Баженова не представляла себе, как может Лундин так спокойно и даже любовно поглядывать на Чеботарева, который безжалостно оставлял его на произвол судьбы в полном одиночестве. А Чеботарев между тем развязал мешки и начал делить продовольствие. Лундин попытался протестовать, когда увидел, что ему оставляют почти все запасы, но Чеботарев хмуро сказал:
— А вдруг и не десять дней лежать, а все пятнадцать?
— Оставьте эти разговоры! — вскрикнула Баженова.
— Все надо предусмотреть, — ответил Чеботарев. — Здесь не на войне, а дело почти такое же выходит. Был бы Иванцов солдатом, я бы знал, он будет здесь точно в срок. А если он по-вашему действовать станет, того пожалеет, того испугается, тогда как?
Баженова замолчала, стараясь не глядеть на охотника. Она была виновата в том, что он со сломанной ногой остается один. Чеботарев развернул плащ-палатку, укрепил ее на колышках так, чтобы охотник мог заползти под нее. Лундин опять запротестовал, но Чеботарев сказал:
— И не думай. Конечно, плохо, что Екатерине Андреевне придется спать без палатки, да мы пока здоровы…
Это коротенькое «пока» напомнило Баженовой, что впереди еще более трудные дни, чем те, которые они уже прожили. Они пока еще здоровы, а что будет с ними дальше? Что будет с нею? С Колывановым? С Чеботаревым? И вдруг ей представилось, что только большая мудрость, приобретенная в годы войны, помогла Чеботареву так просто разрешить все вопросы после несчастья с Лундиным. Больше она не могла ни возражать, ни спорить.
К вечеру они выбрались из ущелья уже на другой стороне перевала. Местность здесь была пустыннее, на ней ничего не росло, кроме каких-то маленьких деревцев с сухими ветвями. У подножия скал горел огонь. Они устремились к костру с такой радостью, будто он обещал им утешение во всех бедах.
Колыванов поднялся навстречу, широким жестом обвел простирающуюся впереди пустыню и сказал:
— Согра!
Потом, посмотрев на взволнованное лицо Баженовой, нарочито равнодушное Чеботарева, спросил:
— Что случилось? Где Лундин?
И еще раз Баженова испытала горькое чувство, слушая, как Чеботарев ровным тоном рапорта рассказывал Колыванову о случившемся с Лундиным несчастье, как Колыванов деловито выяснял, сколько оставлено охотнику припасов, как спокойно в заключение сказал: «Хорошо!» — как будто так и надо было оставить человека в горах и больше не думать о нем…
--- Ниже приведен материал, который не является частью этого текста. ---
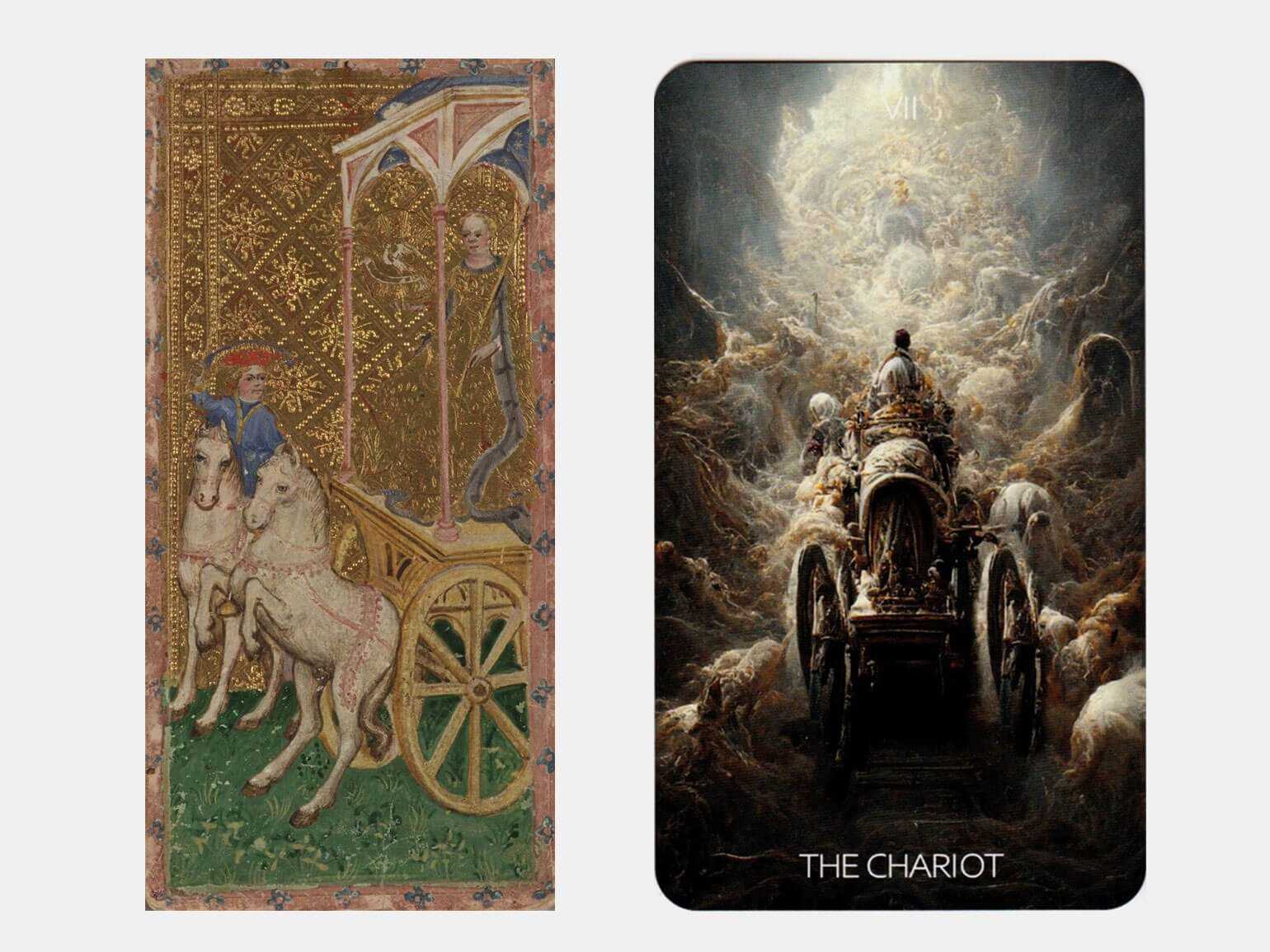 У этих карт «Колесница» разница в 500 лет.

Ей хотелось все это высказать Колыванову, но он отдал ей свою плащ-палатку и приказал ложиться спать. Она лежала возле костра, на самом удобном месте, куда не тянуло дымом, и глядела на Колыванова, смотревшего в огонь. Он как бы видел в игре пламени нечто такое, что было недоступно ей. Чеботарев, будто успокоенный тем, что переложил ответственность за Лундина на чужие плечи, тихо посапывал носом. Он спал так спокойно, как спят дети, рассказав о своих проделках старшим и получив прощение. Заметив, что Екатерина Андреевна смотрит на него, Колыванов отвернулся, коротко сказав:
— Спите! Завтра будет тяжелый день…
Засыпая и снова просыпаясь от тупого ощущения голода, Екатерина Андреевна видела склонившегося над тетрадью Колыванова. Иногда он приподнимался, чтобы подбросить дров в костер, и снова усаживался с тетрадью на коленях, отмахиваясь от едкого дыма.
И она неожиданно успокоилась, оценив наконец всю мужественную силу этого человека. И голод как будто утих, и страх больше не приходил, и сама смерть, должно быть, отступила.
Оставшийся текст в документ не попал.